The Psychology of Healthy Eating:
What is Healthy Eating?
Healthy eating means the consumption of various foods that gives nutrients, needed to maintain health, feel good and have energy. These nutrients include protein, carbohydrates, fat, water, vitamins, and minerals. Nutrition is important for everyone. Healthy eating helps us to maintain a healthy weight and reduces our risk of type 2 diabetes, high blood pressure, high cholesterol and the risk of developing cardiovascular disease and some cancers.
The Psychology behind Healthy Eating:
You might be thinking, is there psychology behind healthy eating? Well, the modern-day era answers it as Yes! Eating or consuming food nowadays has not limited only up to the satisfaction of appetite. It has gone well above that. Different people possess different psychology of healthy eating.
Normally, people with the psychology of healthy eating habits use food as a source of energy and fuel as well as a vehicle for social connectivity and sometimes as a source of pleasure. Such people may be motivated with health, beauty, desire for weight loss or weight gain or even maintaining a similar condition. A ‘nutritional psychologist near me’ or ‘nutritional psychiatrist near me’ explains better than anyone else regarding all the details of psychologically healthy eating habits. Psychiatric nutrition therapy is also used by a nutritional psychologist that focuses on the use of food and supplements to provide these essential nutrients as part of an integrated or alternative treatment for mental health disorders.
People with psychologically healthy eating habits are mindful of the singular purpose of eating – health. They easily recognise emotional triggers, know how to stop eating when they feel full and are overall more internally driven than externally driven. They are well aware of food’s taste, texture, feel and temperature, as well as the importance of proper chewing.

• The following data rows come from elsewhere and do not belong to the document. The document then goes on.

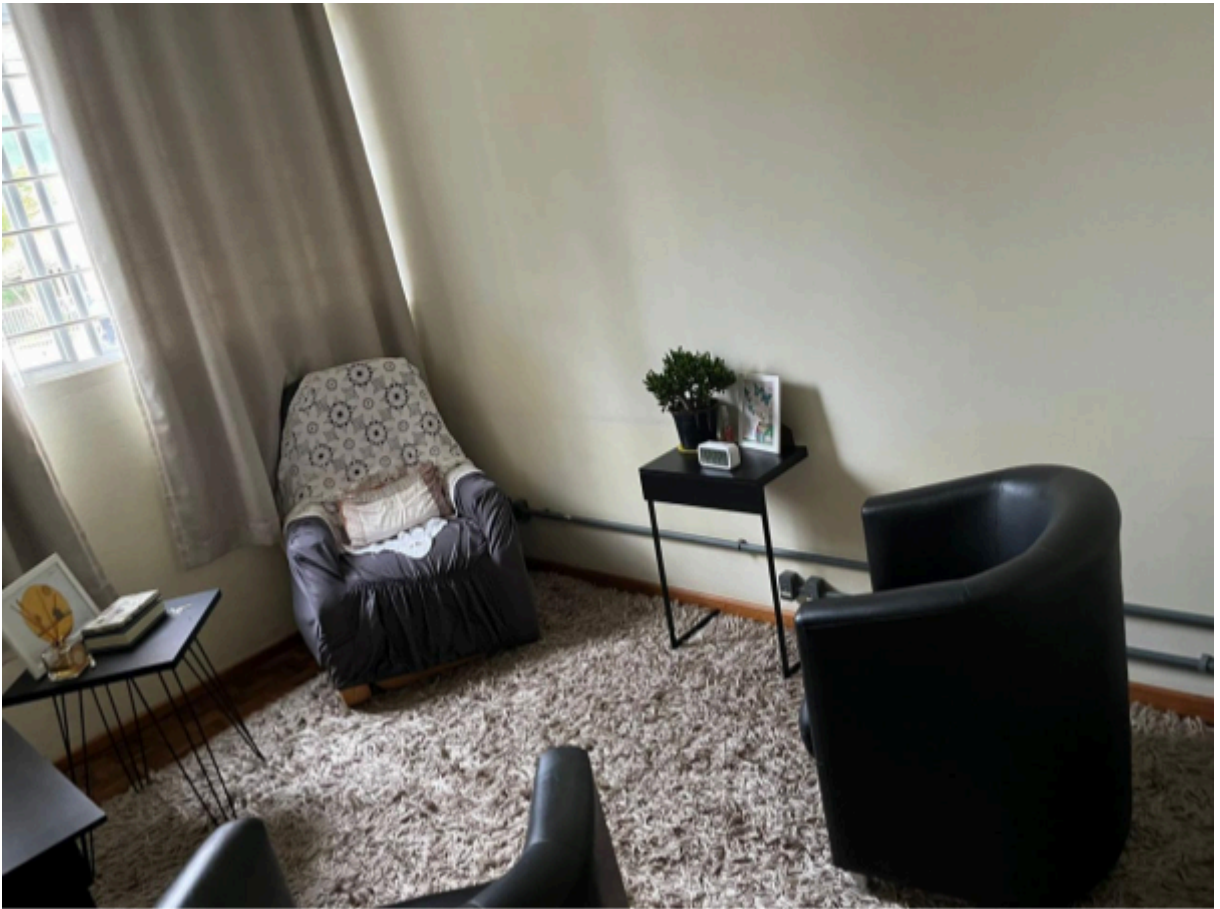
Imagem 13: Sala de Atendimento Psicológico e de Regulação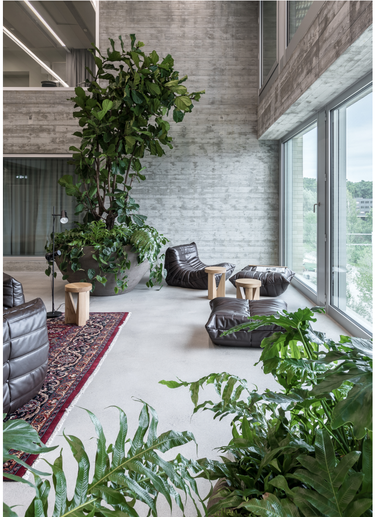
Neubau Hochschule Luzern - Musik Luzern, 2013 – 2020 Luzerner Pensionskasse ARGE mit Büro Konstrukt, Luzern 1. Preis, selektiver Wettbewerb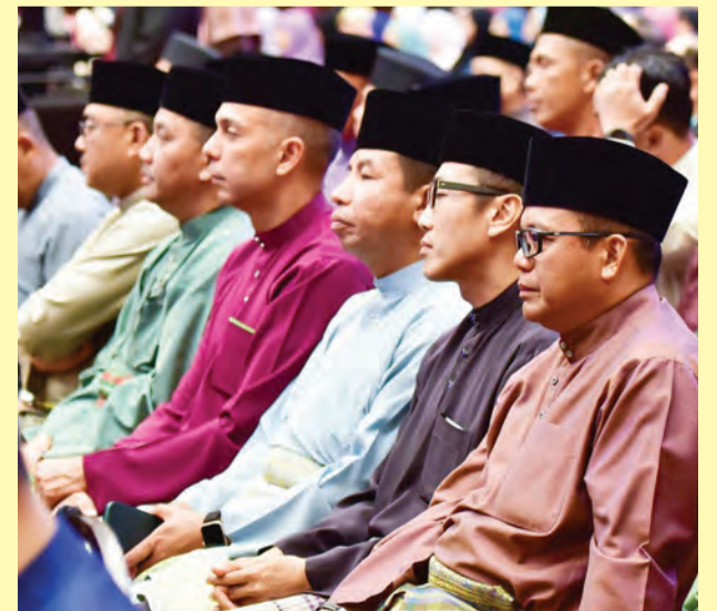
ANTARA para jemputan yang hadir pada majlis tersebut.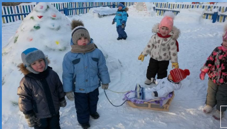
Саночки для катания куклы Тани.

Tips for becoming a psychologically healthy eater:
- Make a decision of quantity (how much you are going to eat) of eating food before having a go at it
- When eating a larger meal, use a smaller plate so that psychologically you may have a feeling of food consumption in a larger amount
- Always eat in the kitchen or dining room
- Be the last person to begin eating at group meals
- Eat slowly and put your utensils down between bites
- Make snacking and eating seconds a major inconvenience so as to avoid the excess consumption
- Always choose quality over quantity.
Where to find the Best Nutritional Psychologist?
You can find ‘nutritional psychologist near me’ or ‘nutritional psychiatrist near me’ in our hassle-free Search Licensed Psychologist directory. Enjoy the benefits of all licensed and trusted psychologists of all specifications or as per your needs.